=== Collected material ===
____________________

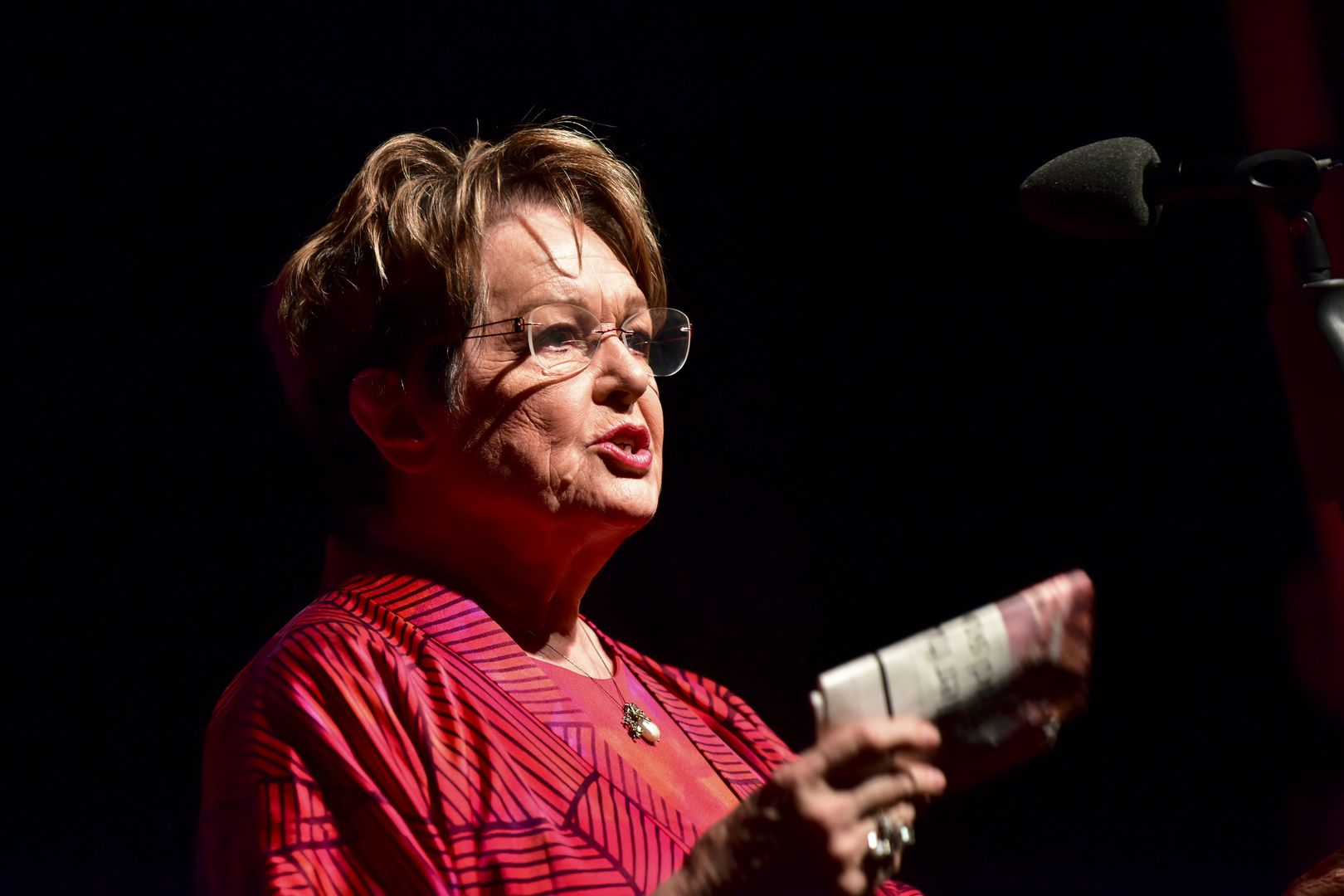 Ghita Nørby var ulasteligt klædt i en pompøs, rød kjole, da hun med Jesper Zuschlag i hånden gik på scenen for at uddele prisen for bedste scenografi.
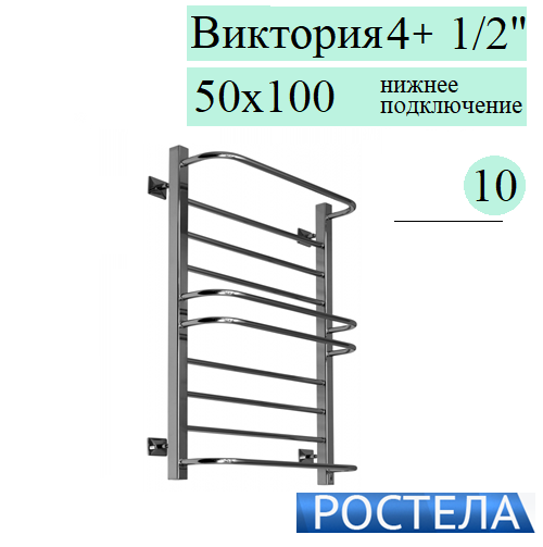 Купить Rostela Виктория 4+ KV 1/2 50x100 полотенцесушитель водяной с полками, 10 перекладин, формы Лесенка в магазине tm24.by, большой ассортимент, доставка, с гарантией от производителя.
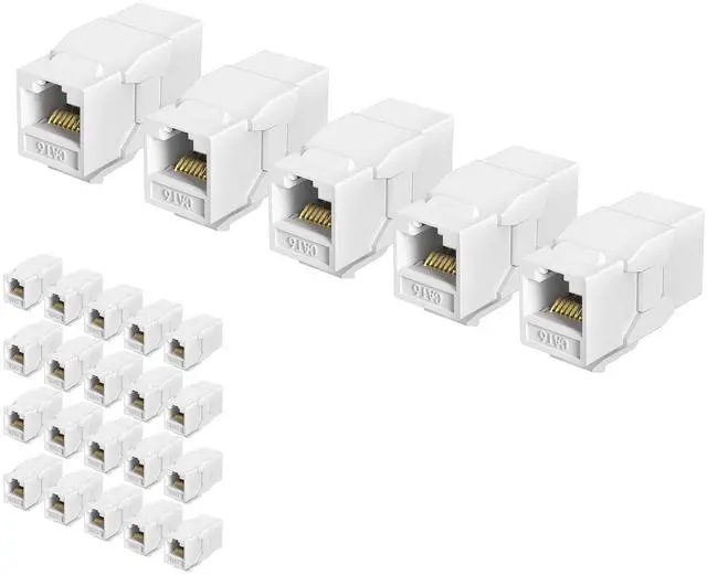 The Jadaol 25-Pack RJ45 Cat6 Keystone Coupler is an essential solution for expanding your network, allowing you to seamlessly connect two Ethernet cables with stable, high-speed data transfer rates of up to 10Gbps. Crafted with gold-plated contacts and durable, flame-retardant ABS housing, these couplers offer long-lasting performance, ensuring both safety and reliability. Their compact design is perfect for multi-port wall plates and high-density patch panels, making them ideal for home, office, and server room network setups. Featuring a tool-free installation, these couplers snap easily into standard wall plates and patch panels, eliminating the need for crimping or punch-down tools.
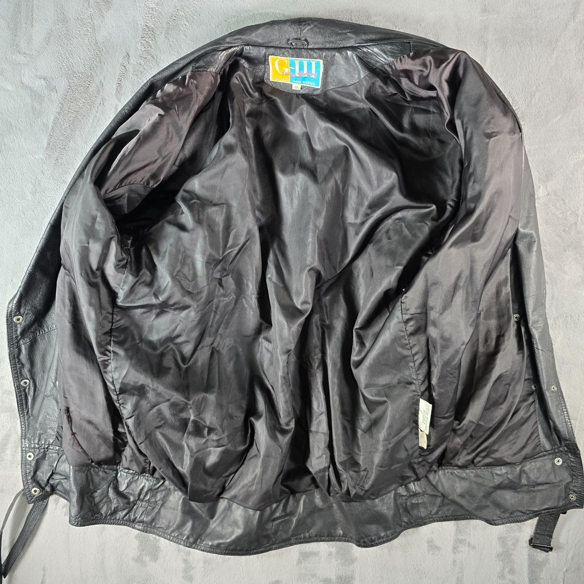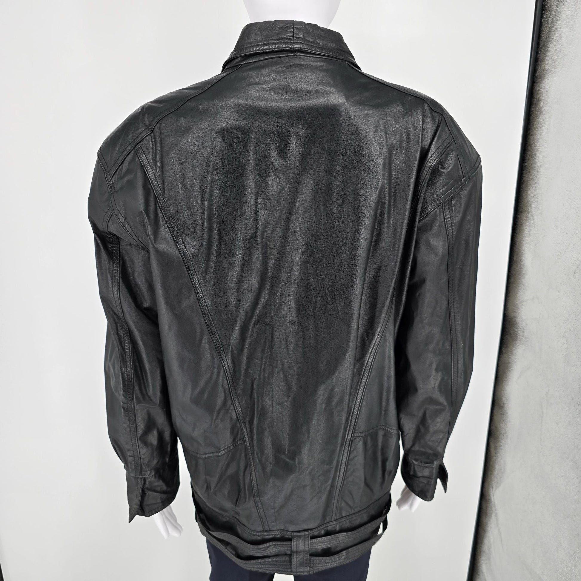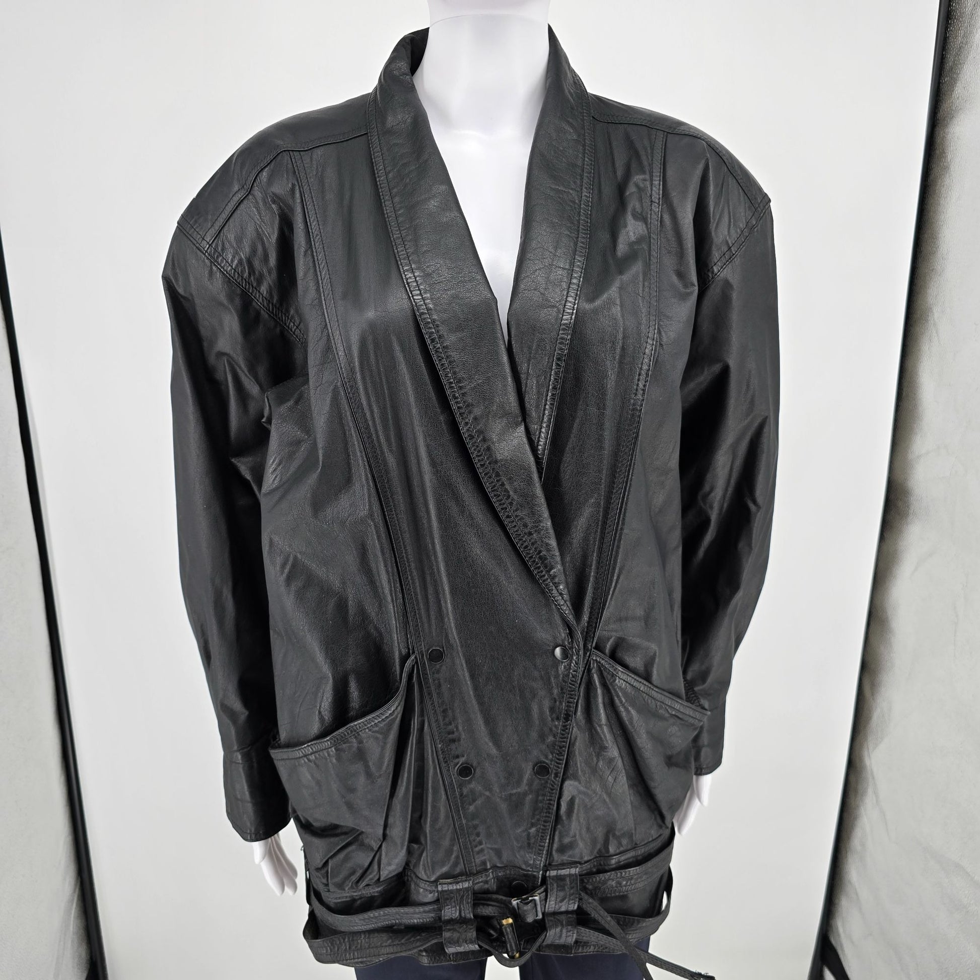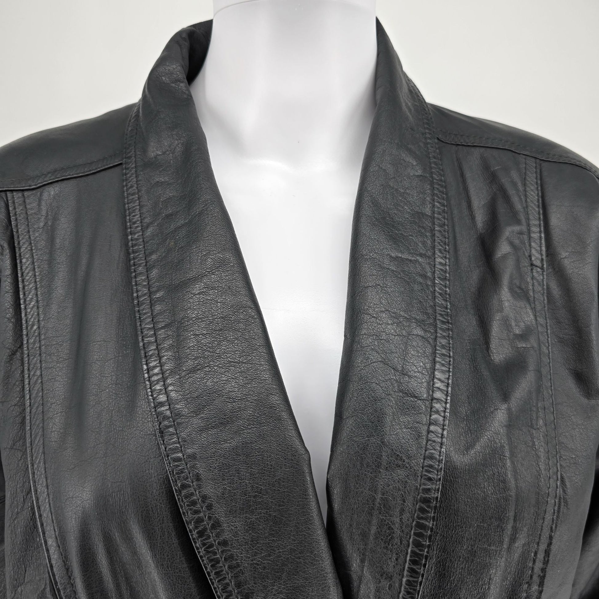 Vintage 1980s G-III Leather Fashions Black Oversized Shawl Collar Jacket (S)

____________________

=== Problem requirements ===
All that is required is an exact reproduction of the lines from the one containing "Купить Rostela Виктория" to the final line of the listing above, pictures omitted.

=== Response to this exercise ===
 Купить Rostela Виктория 4+ KV 1/2 50x100 полотенцесушитель водяной с полками, 10 перекладин, формы Лесенка в магазине tm24.by, большой ассортимент, доставка, с гарантией от производителя.
 The Jadaol 25-Pack RJ45 Cat6 Keystone Coupler is an essential solution for expanding your network, allowing you to seamlessly connect two Ethernet cables with stable, high-speed data transfer rates of up to 10Gbps. Crafted with gold-plated contacts and durable, flame-retardant ABS housing, these couplers offer long-lasting performance, ensuring both safety and reliability. Their compact design is perfect for multi-port wall plates and high-density patch panels, making them ideal for home, office, and server room network setups. Featuring a tool-free installation, these couplers snap easily into standard wall plates and patch panels, eliminating the need for crimping or punch-down tools.
 Vintage 1980s G-III Leather Fashions Black Oversized Shawl Collar Jacket (S)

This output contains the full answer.